Il n'y a que le strict minimum de réservé lors d'une installation, même motif, même punition pour la partie graphique, que le minimum. En fonction de la puissance du Mac, on peut attribuer la moitié de la mémoire et augmenter celle de la partie graphique. Beaucoup d'utilisateurs oublient que pour que macOS fonctionne correctement qu'il y a des limitations.

J'en connais qui utilisent Virtual Box avec 4 Go de mémoire et qui s'étonnent de ne pas dépasser 2 Go pour leur machine virtuelle et avec seulement 1 coeur ! C'est un peu l'histoire de la 2CV qui doit se transformer en Ferrari, je blague, mais pas que.


----------



## tyranael (25 Juillet 2020)

Sly54 a dit:


> Donc le modèle en 1) ci dessus ?
> Je pense que c'est un bon choix.
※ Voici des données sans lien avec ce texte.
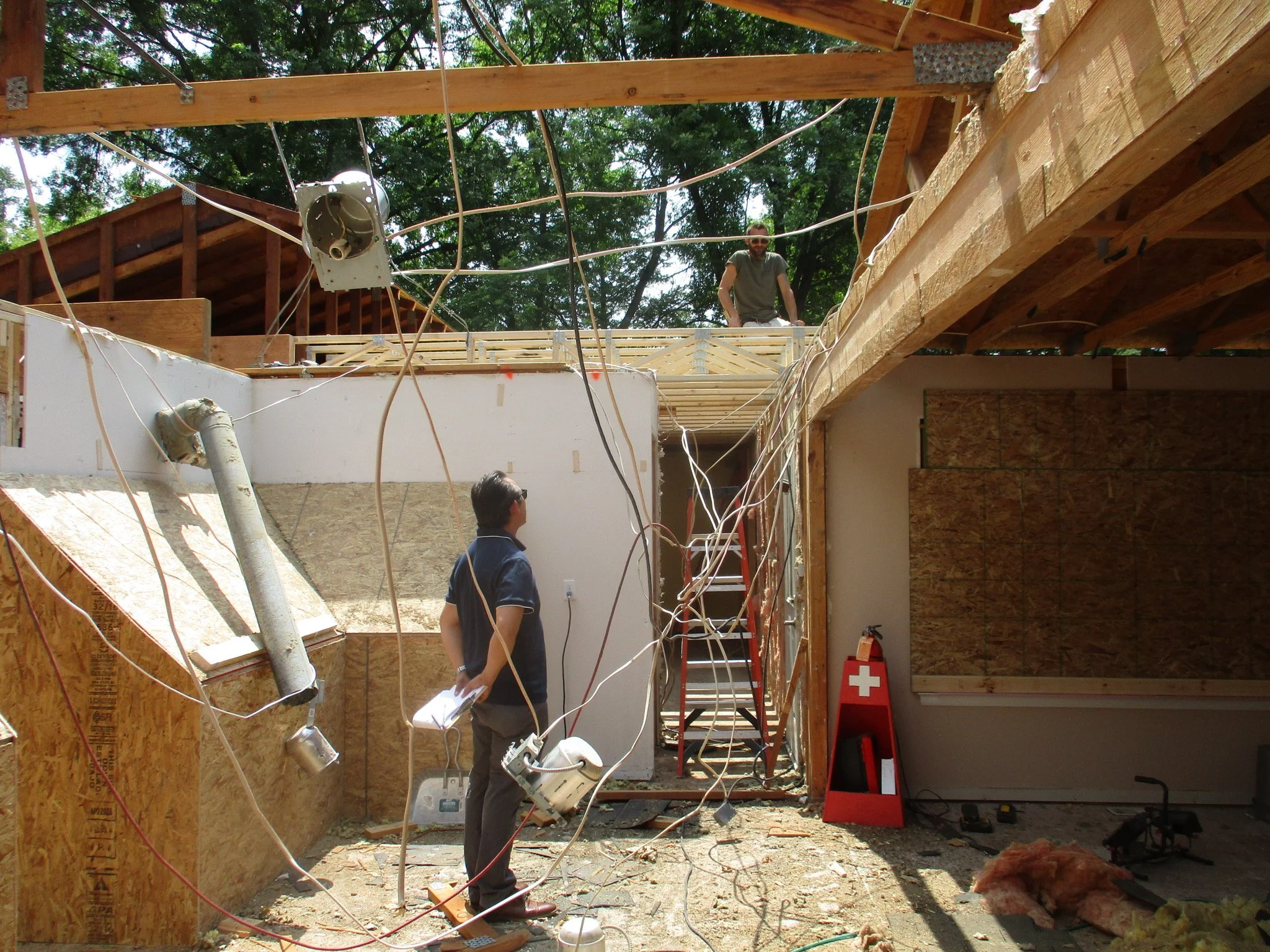 Lead designer Neo is on site chatting with the framing crew chief.

Ca serait sympa qu'après l'achat tu reviennes nous faire un topo après quelques jours ou semaines d'utilisation



d’accord ! Pour le moment je dois me lancer et appuyer sur le bouton ‘payer’ (Toujours un moment d’émotion...)


----------



## TomS74 (25 Juillet 2020)

Fonce, je suis ravi du mien (le même que celui que tu as choisi)


----------